Quantcast

De Blasio seeks expanded COVID-19 vaccine eligibility as fight to secure more shots continues

Coronavirus disease (COVID-19) vaccination in Brussels
A medical worker fills a syringe with a dose of the Pfizer-BioNTech coronavirus disease (COVID-19) vaccine at the CHIREC St Anne-St Remi Clinic in Brussels, Belgium January 27, 2021.
REUTERS/Yves Herman

Mayor Bill de Blasio is asking the state to expand the category of COVID-19 vaccine eligible New Yorkers to include members of the clergy, jurors, prosecutors, sanitation workers as well as taxi and limousine drivers. 

The request comes at a time when the city’s vaccine supply is rapidly depleting, and both the city and state governments are scrambling to procure more to inoculate individuals in phases 1a and 1b — including health care workers, first responders, teachers and other essential workers.

On Wednesday, de Blasio particularly pressed for the freedom to inoculate city religious leaders arguing the move could help dispel fears towards the shot in some communities, further ramping up the state’s sluggish vaccine rollout. 

“There’s distrust of the government and the medical field,” said de Blasio. “We need to overcome that with a lot of information and a lot of clear answers, but especially [with] the voices of trusted leaders from the community, and our faith leaders are really stepping up, and they’re reminding us and all those out there, including the hesitant folks, that we have witnessed something of a miracle.”
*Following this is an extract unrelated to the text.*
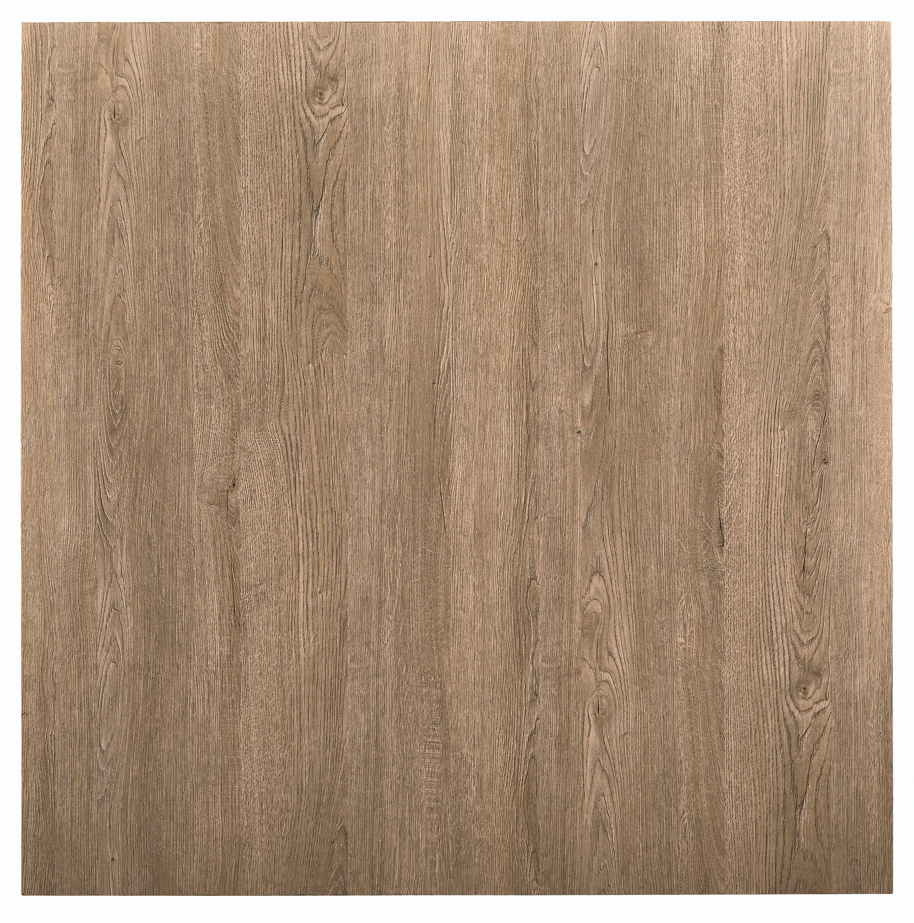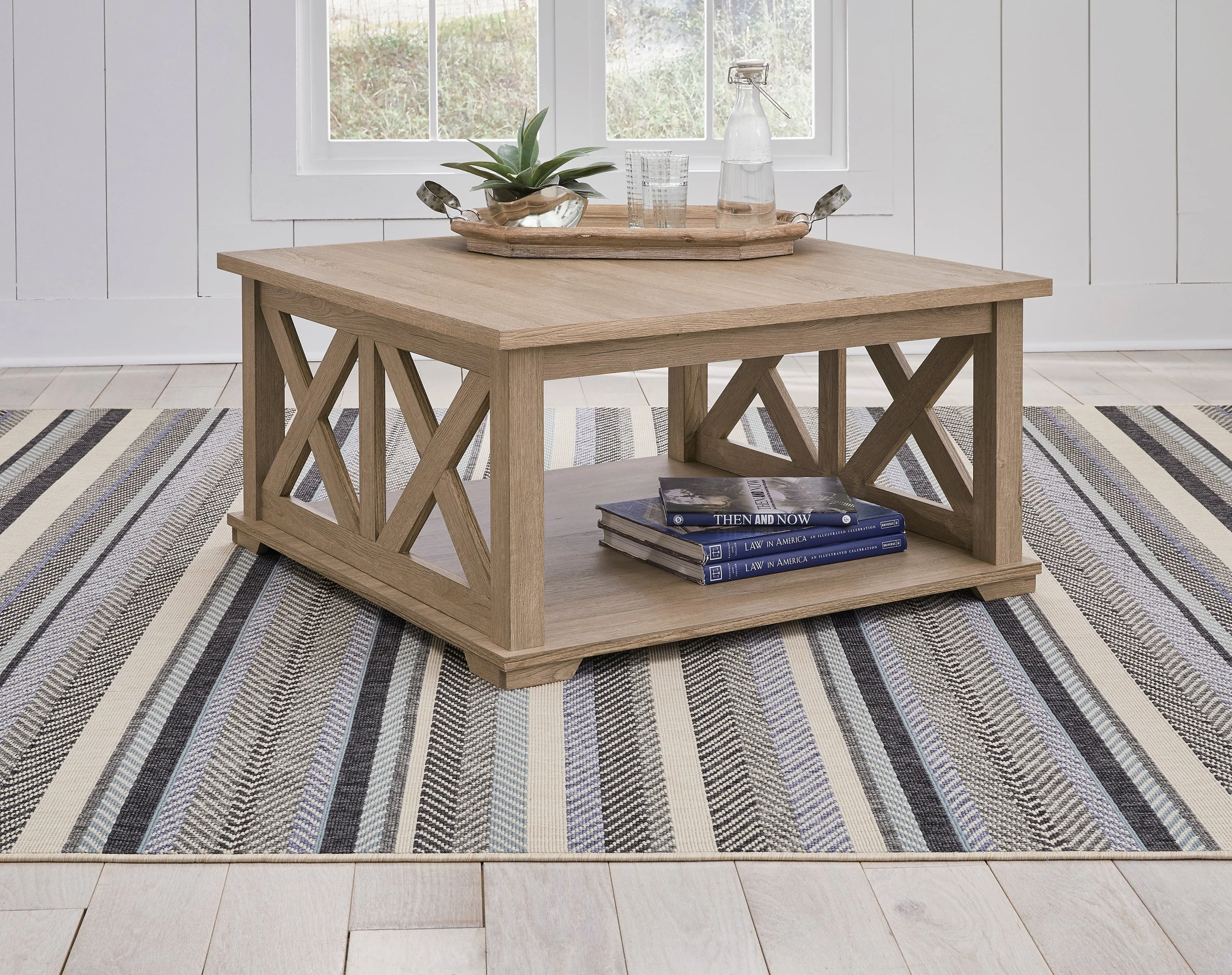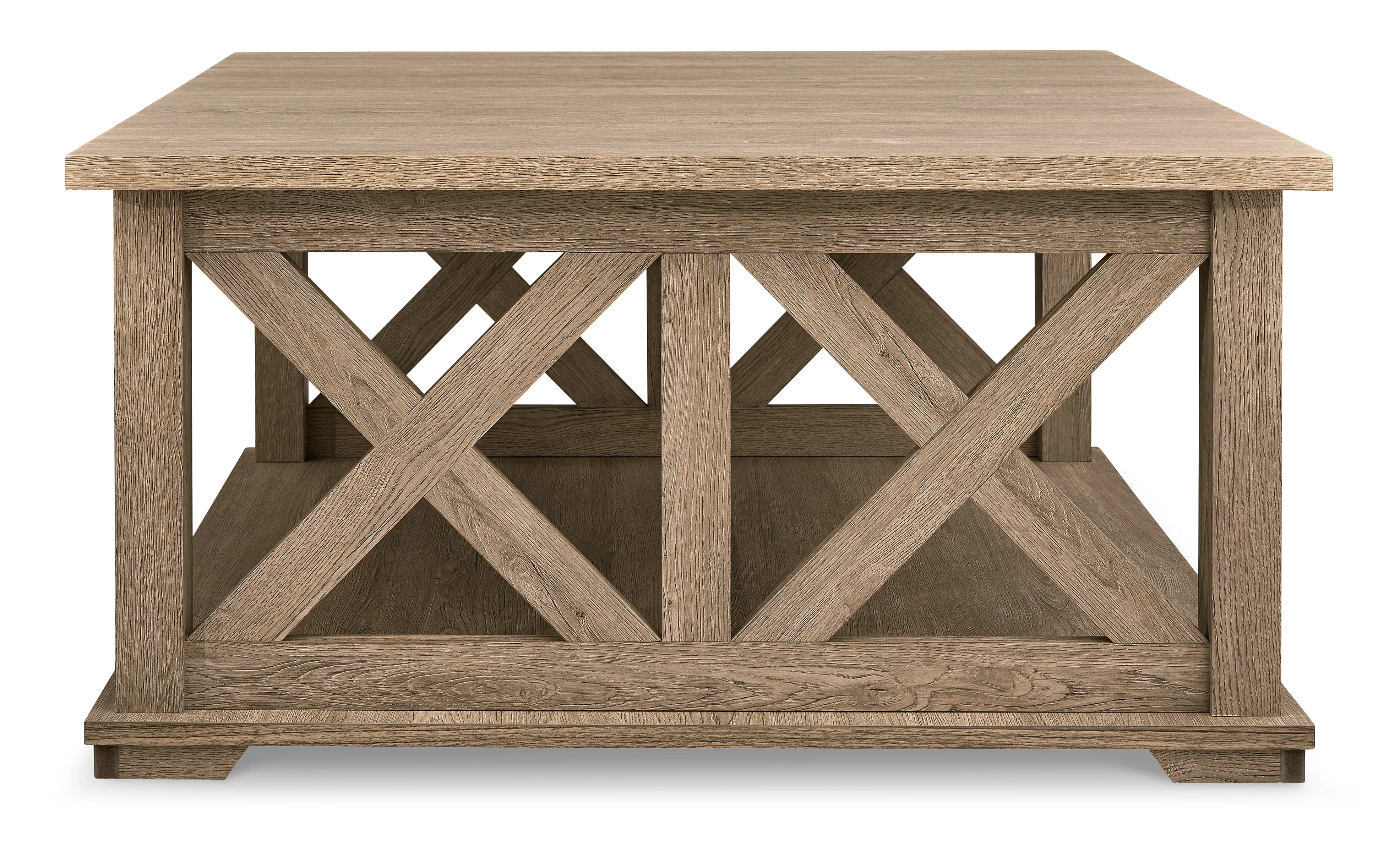 moreOpen the door to modern farmhouse style with this classic square coffee table that features a light natural oak wood grain pattern. The open crossbuck side panel detail and spacious lower shelf add even more rustic appeal.

Some religious groups, like the Roman Catholic Diocese of Brooklyn, applauded the mayor’s “recognition of the need for clergy to be vaccinated.”
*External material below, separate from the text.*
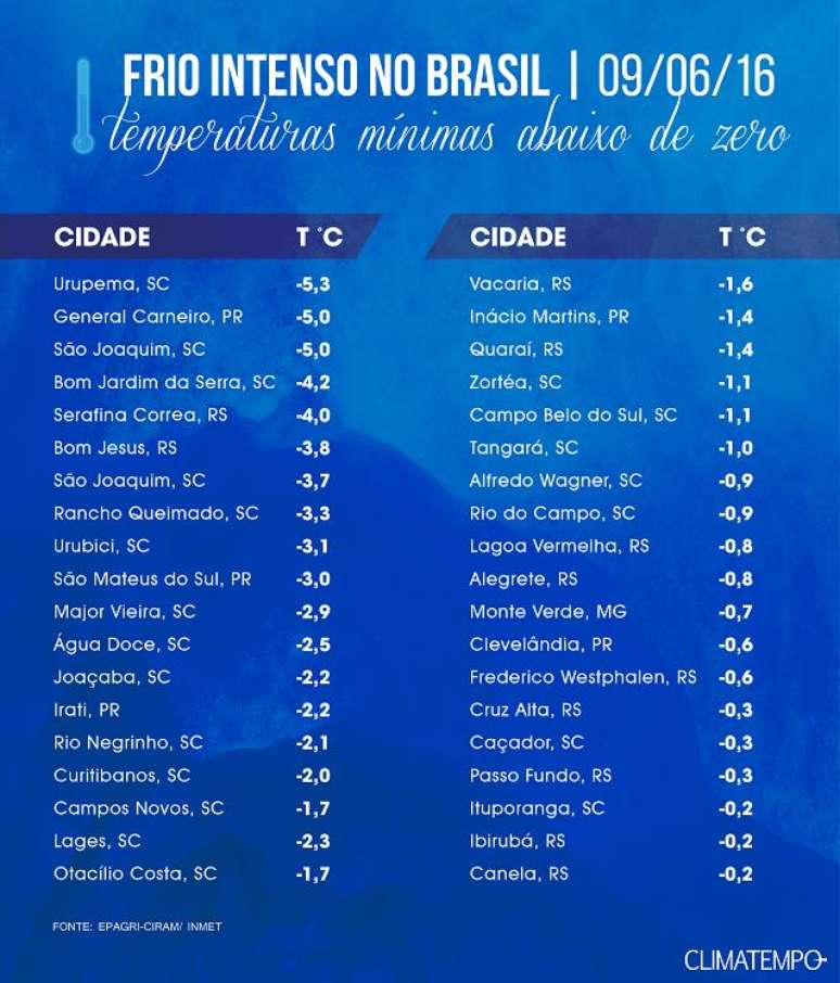 O frio tem estado literalmente congelante no Sul do Brasil nos últimos dias, mas temperaturas abaixo de zero já são registradas também no Sudeste. No dia 9 de junho, com as medições do Instituto Nacional de Meteorologia e do Epagri-Ciram, 38 cidades registrarem temperaturas abaixo de zero e no dia este número aumentou para 64!

“As the Mayor acknowledged, our priests, deacons, and sisters, as do leaders of all houses of worship throughout our City, stand on the front lines in bringing faith, hope, and comfort to their congregation during this pandemic,” said Brooklyn Diocese spokesperson John Quaglione. 

Skepticism towards the Pfizer and Moderna COVID-19 vaccines,  particularly among some health care workers, has been played role in the country’s slow vaccine rollout due. Some distrust the vaccine since it was approved for mass distribution under Former President Donald Trump while others are hesitant to take the vaccine because of the country’s history of medical experimentation on communities of color. Either way, fear over a new vaccine is nothing new in the United States. 

But the number of Americans willing to take the vaccine has increased since the Modern and Pfizer shots were given FDA approval and as more public figures become inoculated, according to the Pew Research Center. 

De Blasio’s call for more New Yorkers to become eligible comes as the city struggles to get more supply of the COVID-19 vaccine from Washington.

After de Blasio warned that the city’s supply of the vaccine was worrisomely low, the city has forced to reschedule roughly 23,000 vaccine appointments and delay the reopening of mega vaccination sites at Citi Field, Yankee Stadium, and Staten Island’s Empire Outlets. 

In addition, the mayor announced that due to limited supply the city would not meet its target goal of administering one million doses of the vaccine and that the city’s stockpile of first-dose shots had actually dipped to just 7,710. 

The city received a bit of good news though on Wednesday, with de Blasio announcing that the city will get 17,000 more doses of the Moderna vaccine during each shipment starting next week. “That means 17,000 more shots of hope,” said de Blasio, “17,000 more New Yorkers who are safer and are feeling that confidence and that sense of peace that comes with getting vaccinated, even just the first time, and knowing that things are going to be better.”

As of Wednesday, the city has administered 673,405 doses of the vaccine with 108,768 being second doses.